Structure of the Lightning Bolt
The typical cloud to ground bolt of lightning is composed of several elements. The first element of a lightning flash is called the stepped leader. The stepped leader zigzags downward from the cloud in intermittent steps of about 170 feet in length. The stepped leader's role is to bring down negatively charged particles from the cloud to the ground. As the stepped leader approaches the ground, a highly luminous positively charged return stroke rushes upwards into the cloud and dies out. If the cloud still has excess negative charge, a dart leader will follow the original path down to the ground initiating one or more return strokes. The typical lightning flash has three or four return strokes but up to twenty have been observed. The flickering appearance of a cloud to ground lightning flash is caused by the multiple return strokes. The process of the stepped leader creating the lightning channel, the return stroke illuminating it, the dart leader traveling down the channel followed by another return stroke, takes on the order of a tenth of a second.
Stepped leaders can be triggered to move upwards from the ground initiating a return stroke from the cloud. Upward moving stepped leaders initiate ground to cloud lightning flashes and are only accomplished by man made means. All natural lightning begins inside the cloud. Lightning also occurs within a thunderstorm cloud not involving the ground at all. Lightning not involving the ground is called intra-cloud lightning and is visible as long streaks of light through the cloud above the ground.

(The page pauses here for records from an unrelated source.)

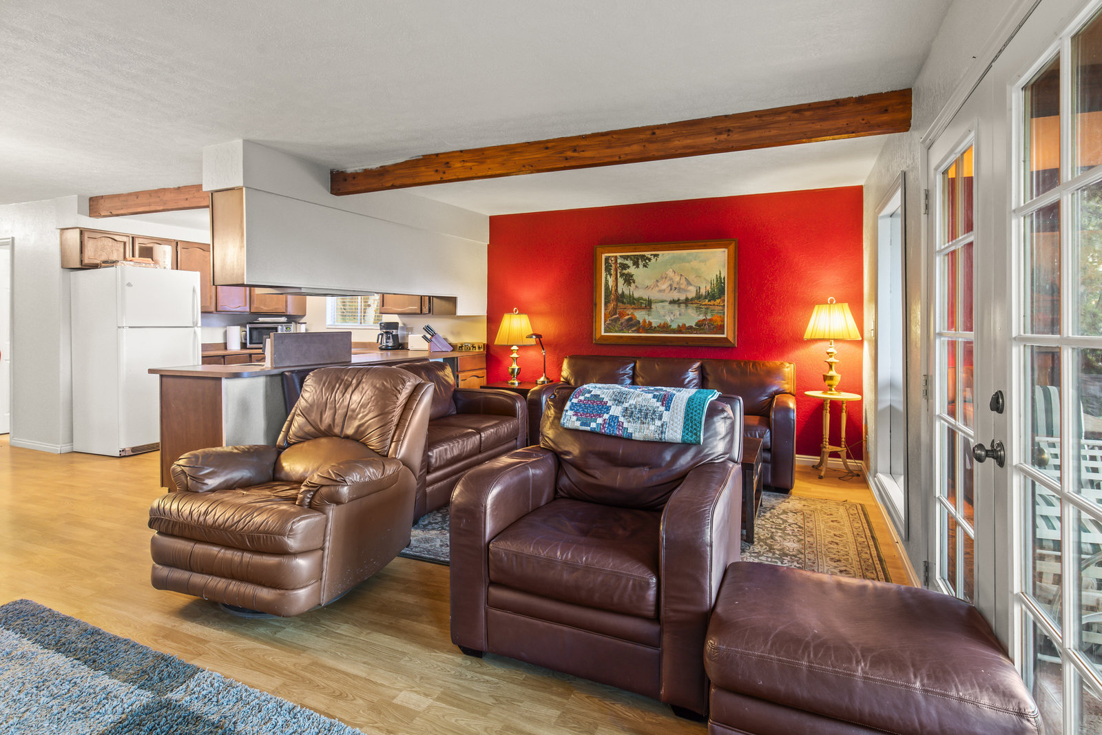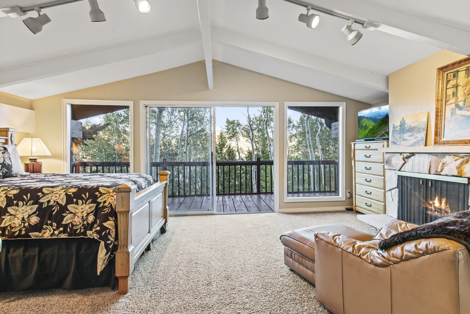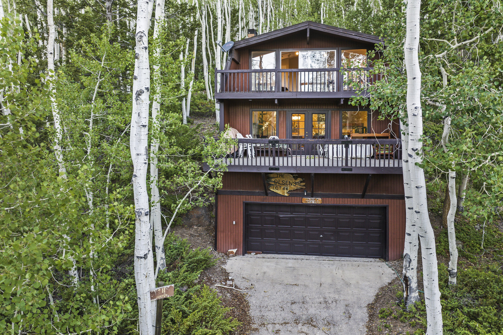 Rarely available rustic cabin located in highly sought-after Fish Lake! Spacious, open floor plan with one main floor bedroom and full bathroom. MVP flooring and newer paint throughout the main floor, large windows for natural light, and great views. A cozy wood-burning fireplace adds comfort to the main floor living space. Large deck off the main floor living space. Three additional bedrooms with vaulted ceilings and two additional bathrooms upstairs, all with newer carpet. The primary bedroom suite has a full bathroom, fireplace, and private deck. Bonus two-car built-in garage, which is rare for the area. Most furnishings are included in the sale.
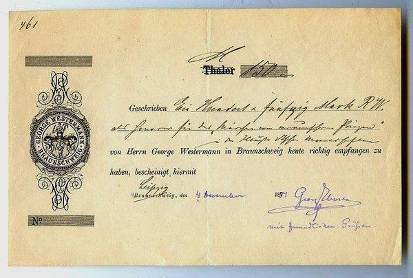 1 S. Qu.-gr.-8vo. Quittiert den Erhalt von 150 Mark für das "Märchen vom verwunschenen Prinzen", das in Westermanns "Illustrierten deutschen Monatsheften" abgedruckt worden war. - Georg Ebers war Professor für Ägyptologe in Leipzig und unternahm 1869/70 und 1872/73 Reisen nach Ägypten, wo er auf letzterer das nach ihm benannte und von ihm edierte medizinische Handbuch "Papyros Ebers" aus der Mitte des 2. Jahrtausends v. Chr. entdeckte. "Eine ägyptische Königstochter" war der erste von Ebers' viel gelesenen historischen Romanen. - Auf Briefpapier mit gedr. Briefkopf des Georg Westermann Verlags; papierbedingt etwas gebräunt.
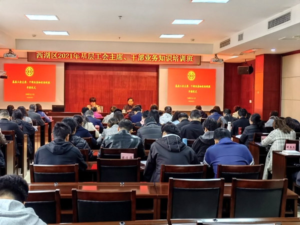 因基层工会干部换动频繁,工会基础知识薄弱,为进一步夯实基层工会业务工作基础,有效提高业务知识水平和创新能力,西湖区总工会围绕“转作风 优环境”活动年工作方案,4月7日上午,西湖区总工会2021年基层工会主席、干部业务知识培训班在省干部学院举行开班仪式,此次培训班将为期三天,共80名学员参与。
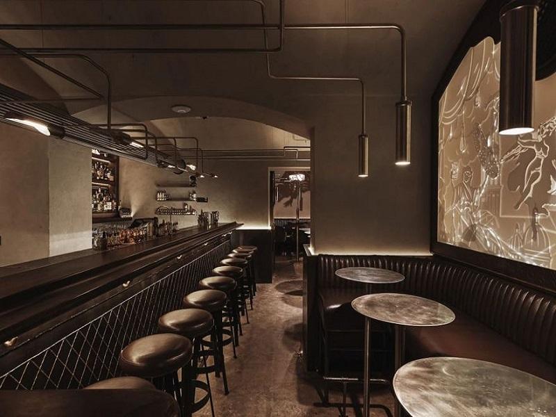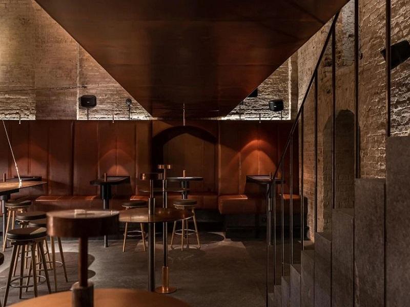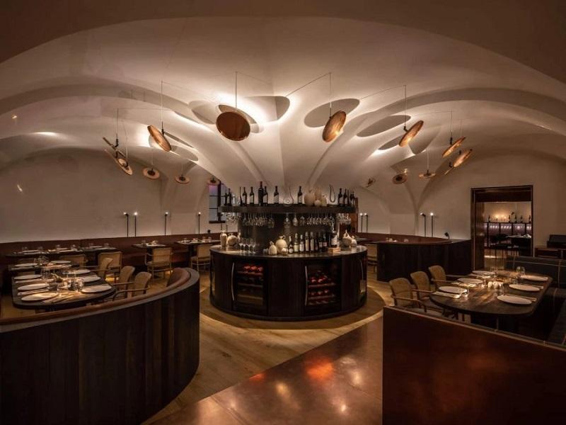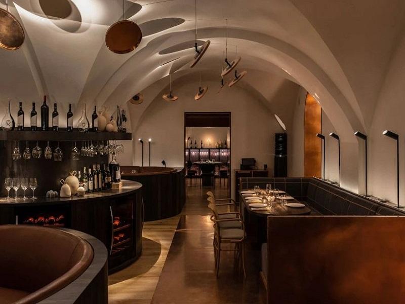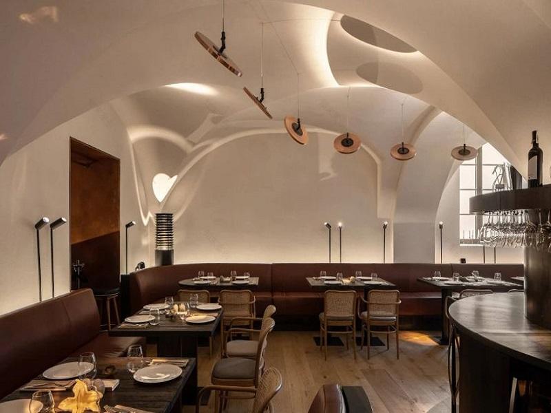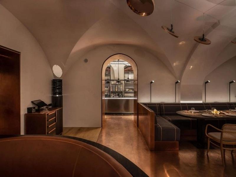 该餐厅有5个大厅,约有120个座位。餐厅内部有很多铜元素,它强调了这个地方的贵族气息,除了内部的铜之外,你还可以看到实心的橡木,皮革和钢。木材是内部的主要材料,自然光通过阁楼窗户进入室内。餐厅的大部分厨房元素都是开放的
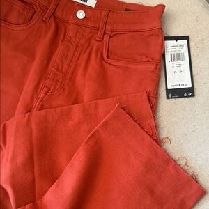 Stylish high rise jeans by Mavi. Vibrant orange color. Perfect for any occasion.
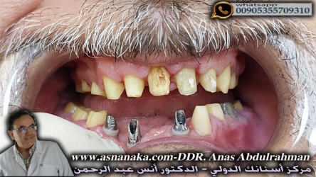 قاضي عراقي يعيش في \أنكلترى بحث كثيراً قبل أن يقرر أين يزرع أسنانه خاصة أنه كان يعاني من تهشم سابق في الفكين بسبب حادث مؤلم وقد أتصل بي عبر الواتس اب وأستشارني بعد أن أرسل صورة شعاعية للفكين وفيهم ظهر أنه وضع جبائر من التيتانيزم من أجل تثبيت الفكين والصعوبة الكبيرة هي تلافي هذه الجبائر المعدنية عند زراعة الأسنان وقد تم بخبرتنا الطويلة في هذا المجال من وضع زرعات أسنان في مكان محايد تماماً بحيث لم تعترض أي برغي أو دعائم والحمد لله تم نجاح كل الزرعات وتم تركيب الأسنان الزيركونيه فوقهم في الزيارة الثانية وكما ستشاهدون في الصور اللاحقة حصل على أبتسامة جميلة جداً بعد تركيب تركيبات الزيركون فوق الزرعات وفوق الأسنان الباقية وفي نهاية الموضوع ستستمعون لتجربة المراجع العلاجية الناجحة التي قام بها في مركز أسنانك الدولي بيد الدكتور أنس عبد الرحمن
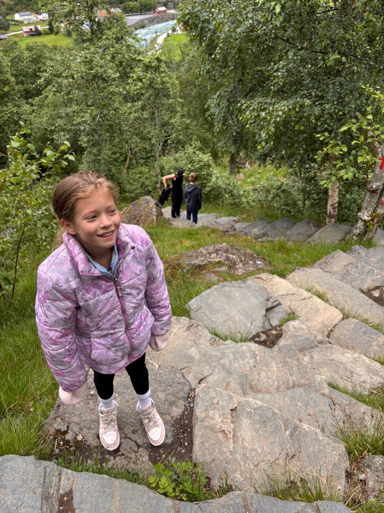 - Brekkefossen – I hope you’ve been on the stair master recently…beautiful waterfall views, but over 500 steps to the top. We did do this hike, and it was worth the literal pain in the booty. Great views of Flåm too. Even though there were a lot of stairs, I think a lot of kids would be capable of this hike as well…as long as you bring snacks! FYI – All of the hikes in Norway were clearly marked as green, blue or red so you know the difficulty before you venture out.

Lightning also occurs between two clouds, called cloud to cloud lightning. In fact, intra-cloud and cloud to cloud lightning account for 80% of all lightning occurrences.
The Myth that is Heat Lightning
Many people believe there is a phenomenon called heat lightning. On hot evenings during the summer it's not uncommon to see a flash of lightning but not hear any thunder. Because thunder is not heard, many people attribute the lightning to the heat, thus the name. In reality, there is no such thing as heat lightning. The flash is simply a cloud to ground bolt or intra-cloud flash from a distant thunderstorm. The thunderstorm in this case is so far away that the thunder is not heard.
What Makes the Thunder?
Accompanying lightning are a variety of sounds, the ones you hear depend on your proximity to the bolt. If you are within about 100 yards of a lightning bolt you will hear a sharp click followed by a whip-like crack. Within about 600 yards, the sound can be described as more of an amplified tearing noise. These sounds are caused by the stepped leaders and return stroke. The most common sound, though is the rumble of thunder.

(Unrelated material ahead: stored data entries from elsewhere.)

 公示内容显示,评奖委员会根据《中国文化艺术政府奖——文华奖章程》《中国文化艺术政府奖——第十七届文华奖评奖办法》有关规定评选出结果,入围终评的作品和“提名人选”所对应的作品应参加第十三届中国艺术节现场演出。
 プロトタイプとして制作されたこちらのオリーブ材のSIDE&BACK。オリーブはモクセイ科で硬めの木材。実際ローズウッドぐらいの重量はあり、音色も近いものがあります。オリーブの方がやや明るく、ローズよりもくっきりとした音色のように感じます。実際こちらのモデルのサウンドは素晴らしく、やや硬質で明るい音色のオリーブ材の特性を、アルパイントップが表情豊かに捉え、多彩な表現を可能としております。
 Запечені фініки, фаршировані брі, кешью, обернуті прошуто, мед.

Thunder is caused by the explosion of hot gasses expanding from the lightning channel. The lightning channel is on average only a few centimeters in diameter. The gases in the tiny channel are very briefly heated to a temperature ranging from three to five times hotter than the sun. The superheated gases expand with explosive force, creating a shock wave which after a short time becomes the sound wave we hear as thunder. Because light travels so much faster than sound, the lightning flash always precedes thunder by several seconds.